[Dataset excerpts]

== Segment start ==

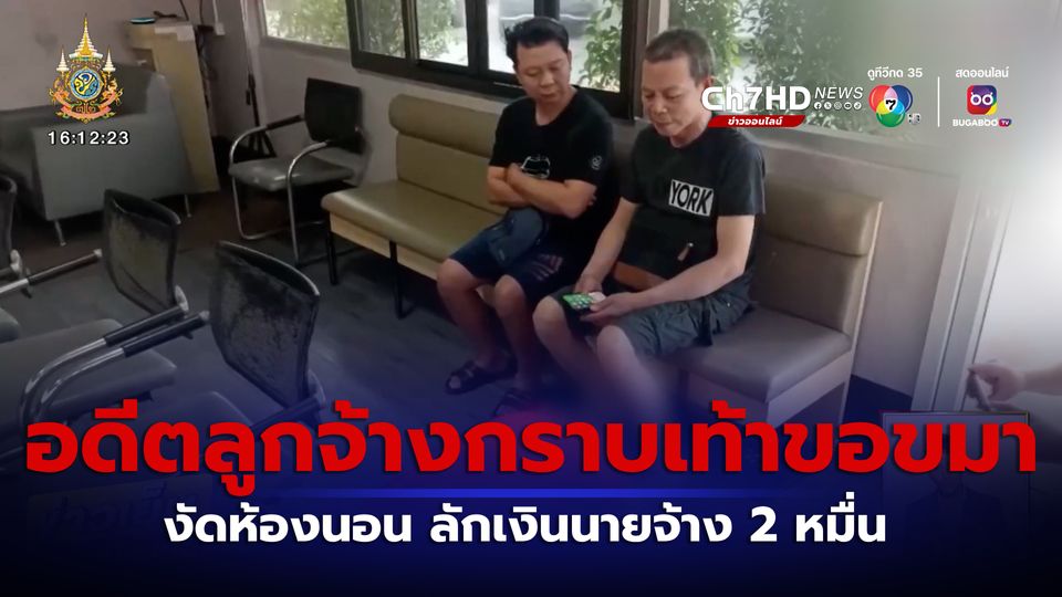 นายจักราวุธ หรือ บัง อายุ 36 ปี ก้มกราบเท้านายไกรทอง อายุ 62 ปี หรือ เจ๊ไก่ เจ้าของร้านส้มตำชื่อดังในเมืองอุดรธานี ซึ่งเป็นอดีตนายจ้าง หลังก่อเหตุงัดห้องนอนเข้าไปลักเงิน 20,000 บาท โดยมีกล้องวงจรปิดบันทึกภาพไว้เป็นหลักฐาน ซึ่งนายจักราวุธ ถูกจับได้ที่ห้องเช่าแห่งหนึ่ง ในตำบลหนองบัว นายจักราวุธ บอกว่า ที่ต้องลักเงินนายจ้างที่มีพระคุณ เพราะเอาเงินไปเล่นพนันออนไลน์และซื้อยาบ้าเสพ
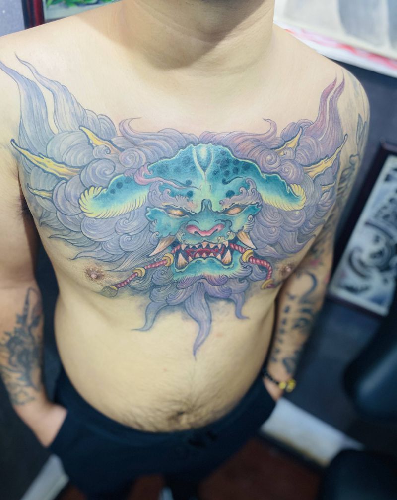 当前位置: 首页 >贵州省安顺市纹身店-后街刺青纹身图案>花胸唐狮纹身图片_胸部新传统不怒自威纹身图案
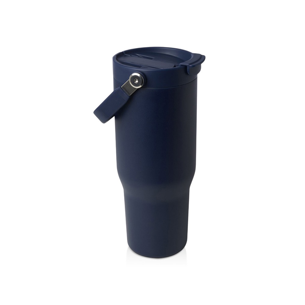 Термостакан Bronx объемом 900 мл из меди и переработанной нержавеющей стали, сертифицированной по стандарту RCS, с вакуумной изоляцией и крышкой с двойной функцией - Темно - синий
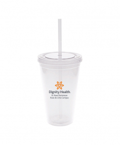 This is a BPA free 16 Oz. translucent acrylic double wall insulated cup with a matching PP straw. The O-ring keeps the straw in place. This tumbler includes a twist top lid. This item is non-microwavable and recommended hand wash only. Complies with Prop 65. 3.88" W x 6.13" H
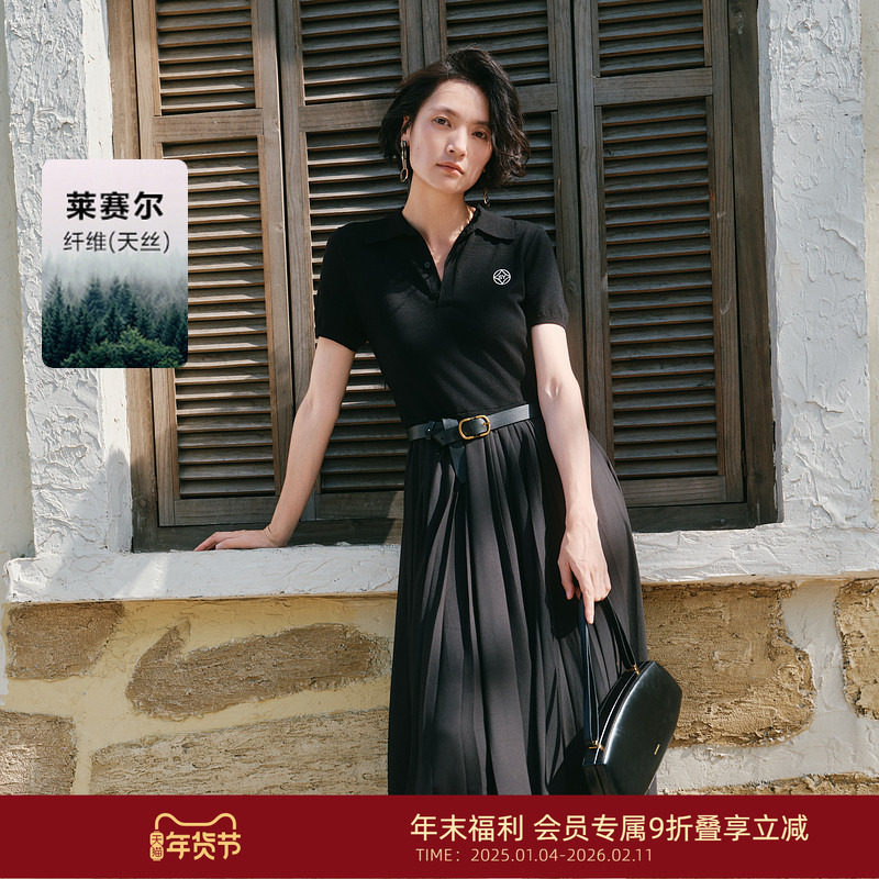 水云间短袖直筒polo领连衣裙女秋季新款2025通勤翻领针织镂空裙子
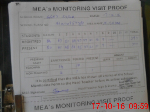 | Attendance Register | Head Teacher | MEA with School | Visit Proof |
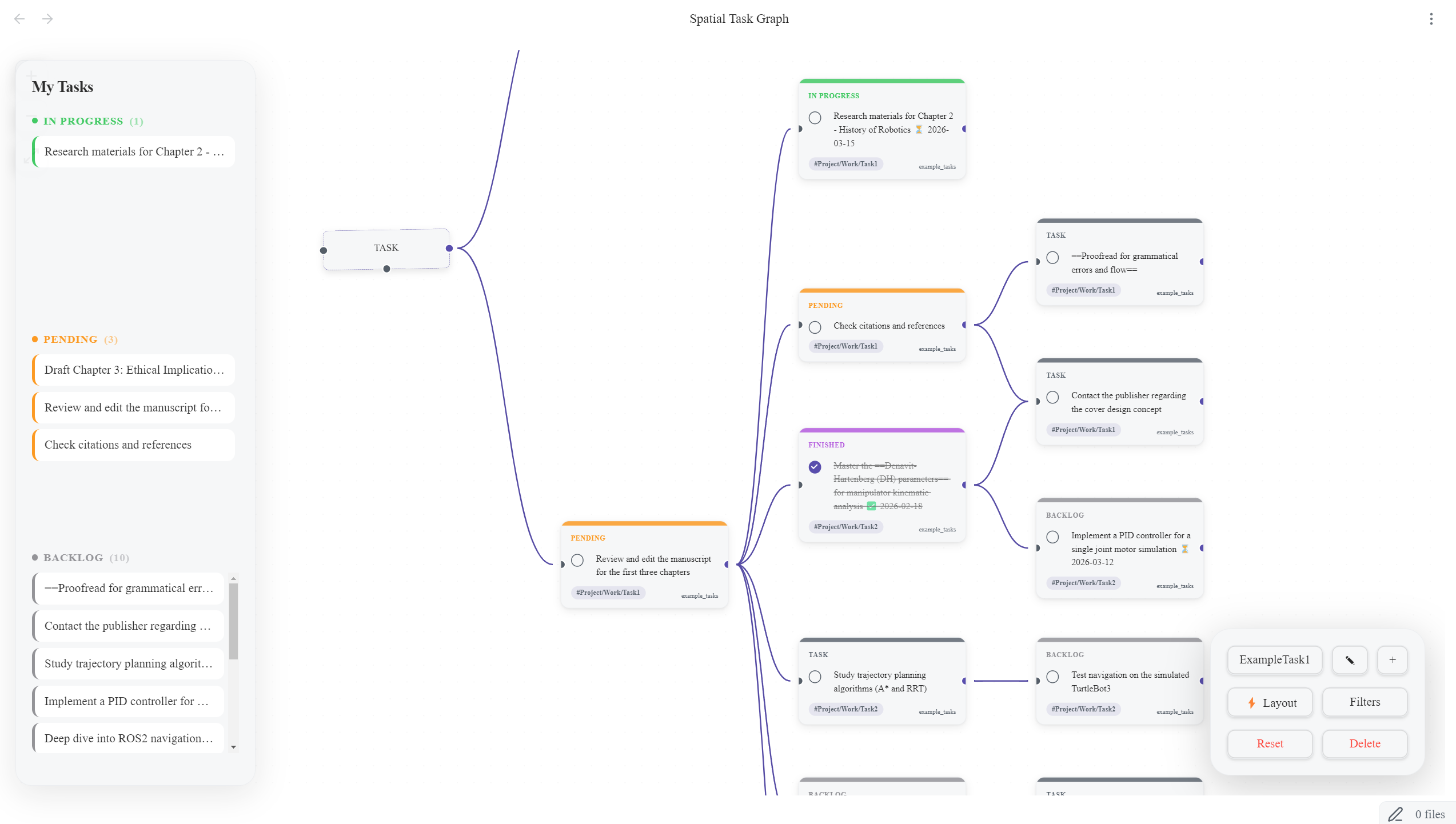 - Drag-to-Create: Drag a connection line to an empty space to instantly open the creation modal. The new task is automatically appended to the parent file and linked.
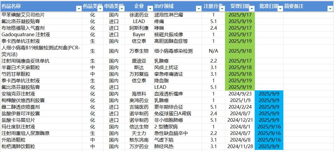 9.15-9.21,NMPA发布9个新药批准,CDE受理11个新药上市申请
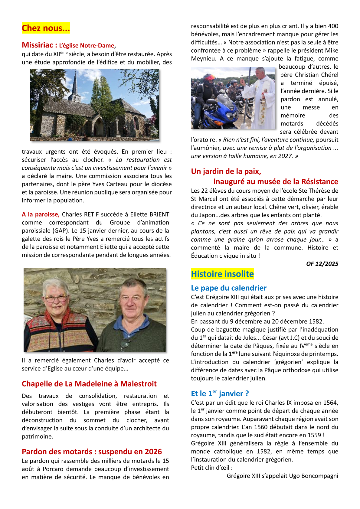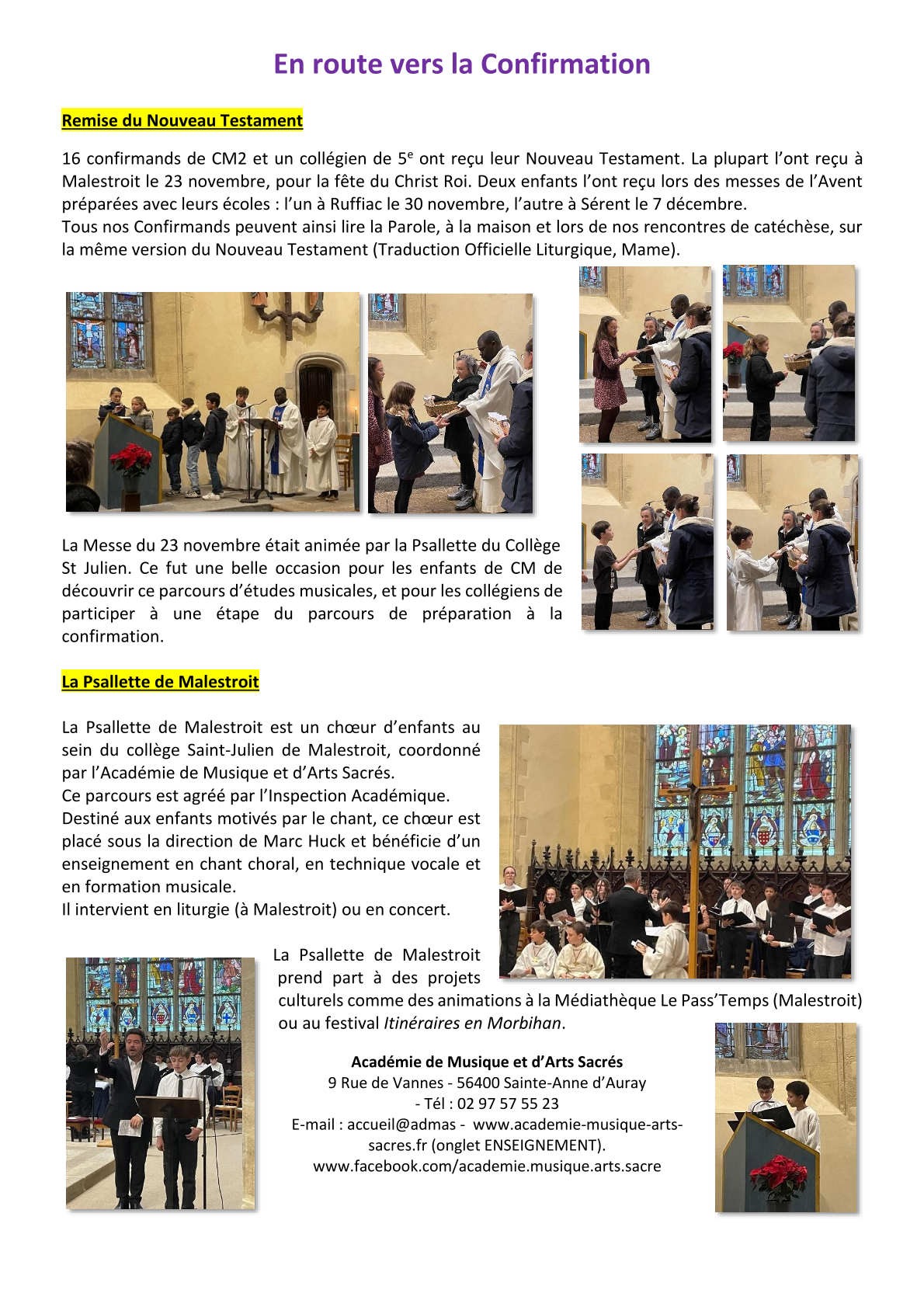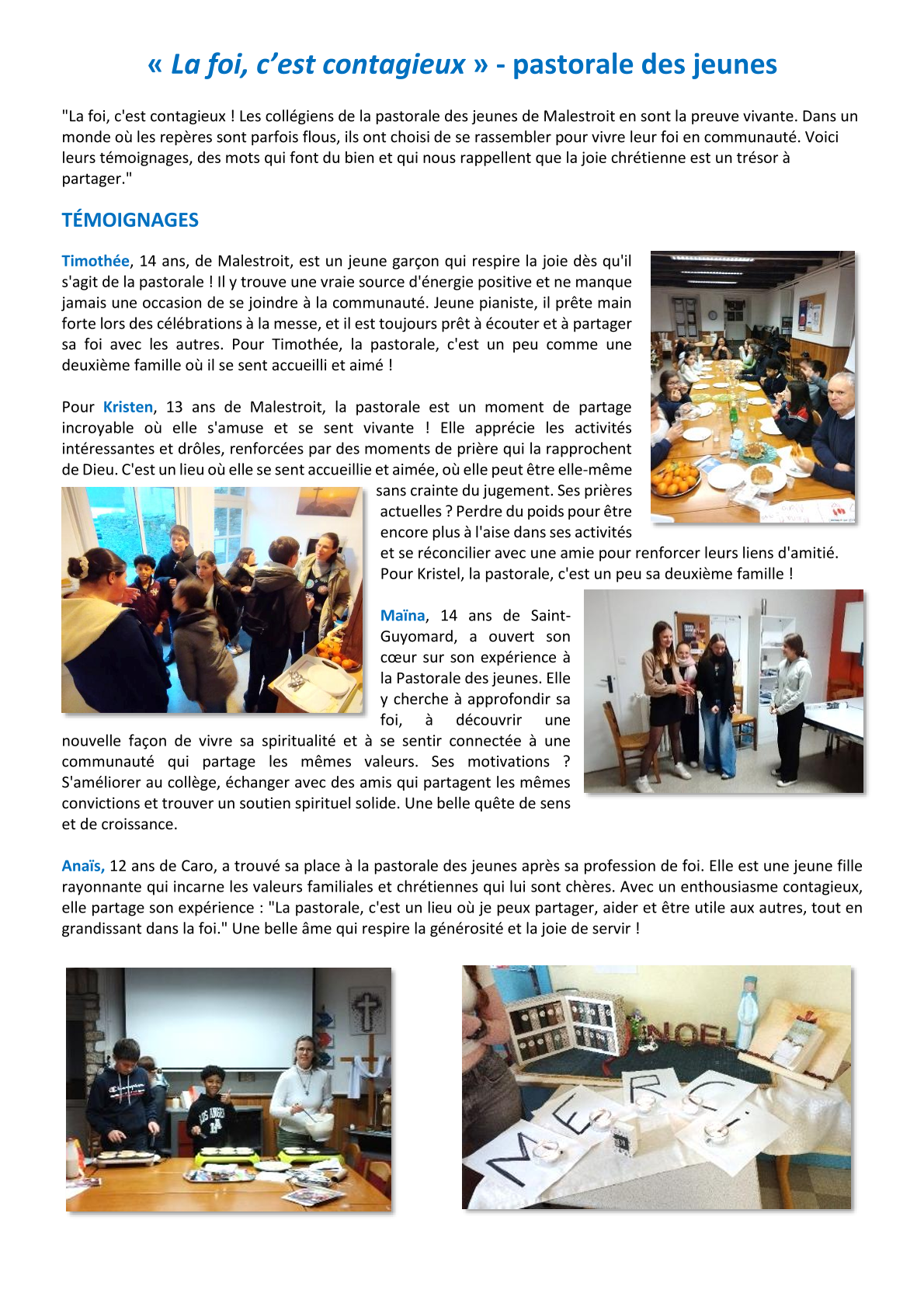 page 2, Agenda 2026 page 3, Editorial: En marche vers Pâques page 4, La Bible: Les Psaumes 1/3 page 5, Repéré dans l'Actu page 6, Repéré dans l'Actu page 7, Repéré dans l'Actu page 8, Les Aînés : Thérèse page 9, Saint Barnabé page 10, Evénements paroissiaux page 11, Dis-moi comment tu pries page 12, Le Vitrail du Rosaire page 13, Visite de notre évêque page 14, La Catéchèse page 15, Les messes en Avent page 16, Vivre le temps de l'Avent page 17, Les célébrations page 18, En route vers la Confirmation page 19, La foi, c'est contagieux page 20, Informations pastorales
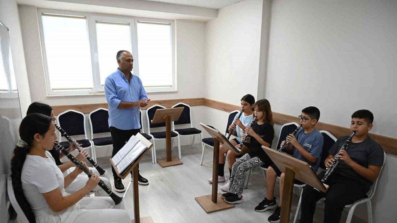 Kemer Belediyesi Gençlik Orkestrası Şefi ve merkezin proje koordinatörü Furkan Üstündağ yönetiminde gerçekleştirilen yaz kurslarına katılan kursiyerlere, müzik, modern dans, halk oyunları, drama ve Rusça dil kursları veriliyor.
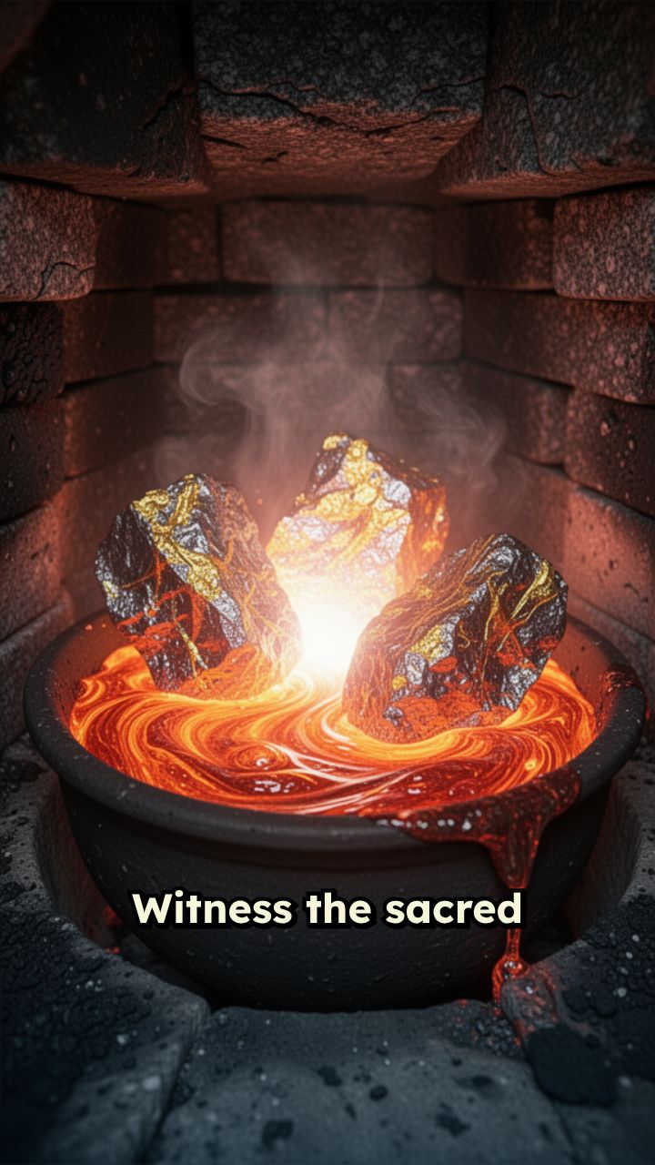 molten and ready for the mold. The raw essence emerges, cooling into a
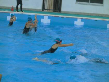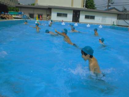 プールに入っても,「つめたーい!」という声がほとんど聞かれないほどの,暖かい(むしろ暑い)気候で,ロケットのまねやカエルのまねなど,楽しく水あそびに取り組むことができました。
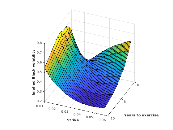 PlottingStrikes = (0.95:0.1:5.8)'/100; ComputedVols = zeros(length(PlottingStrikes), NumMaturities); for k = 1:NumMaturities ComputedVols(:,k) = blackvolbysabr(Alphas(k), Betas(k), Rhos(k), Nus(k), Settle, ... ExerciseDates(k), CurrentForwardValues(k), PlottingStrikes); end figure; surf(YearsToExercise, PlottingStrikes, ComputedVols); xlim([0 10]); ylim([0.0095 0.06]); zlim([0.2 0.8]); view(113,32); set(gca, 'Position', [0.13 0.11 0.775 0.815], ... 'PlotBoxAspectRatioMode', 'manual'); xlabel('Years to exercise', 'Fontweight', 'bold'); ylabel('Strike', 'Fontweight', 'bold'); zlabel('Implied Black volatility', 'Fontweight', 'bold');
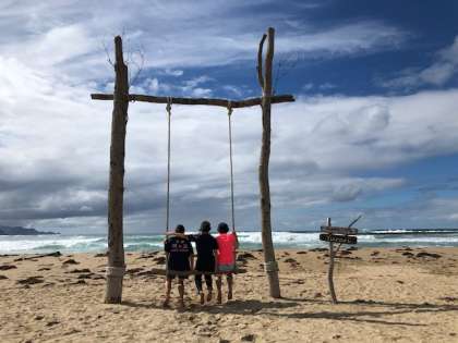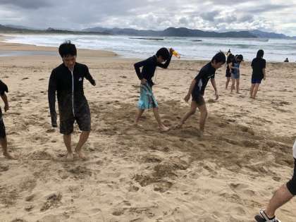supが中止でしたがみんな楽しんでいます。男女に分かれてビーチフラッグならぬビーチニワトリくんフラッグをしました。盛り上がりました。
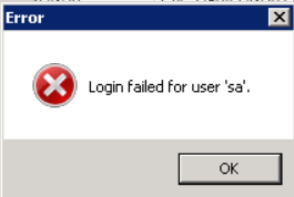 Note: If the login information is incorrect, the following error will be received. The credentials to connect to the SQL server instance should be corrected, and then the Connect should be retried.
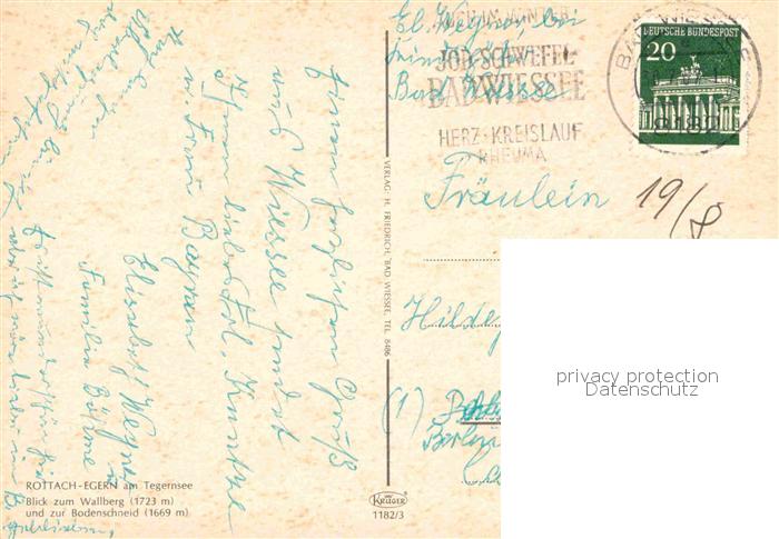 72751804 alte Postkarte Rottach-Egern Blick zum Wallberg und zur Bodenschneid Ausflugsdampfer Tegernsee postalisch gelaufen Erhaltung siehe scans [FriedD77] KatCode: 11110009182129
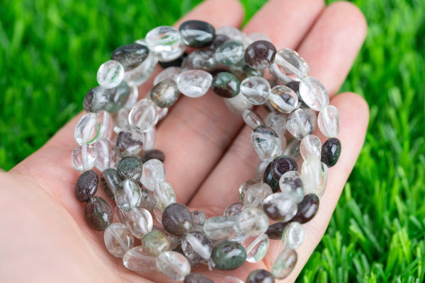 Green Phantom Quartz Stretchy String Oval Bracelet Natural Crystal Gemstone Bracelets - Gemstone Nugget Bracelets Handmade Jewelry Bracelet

== Segment end ==

▸ **To do**
A word-for-word reproduction is needed of the lines above from the line containing "molten and ready" through the line containing "プールに入っても,「つめたー", with both ends kept and no pictures.

▸ **Finished task**
 molten and ready for the mold. The raw essence emerges, cooling into a
 プールに入っても,「つめたーい!」という声がほとんど聞かれないほどの,暖かい(むしろ暑い)気候で,ロケットのまねやカエルのまねなど,楽しく水あそびに取り組むことができました。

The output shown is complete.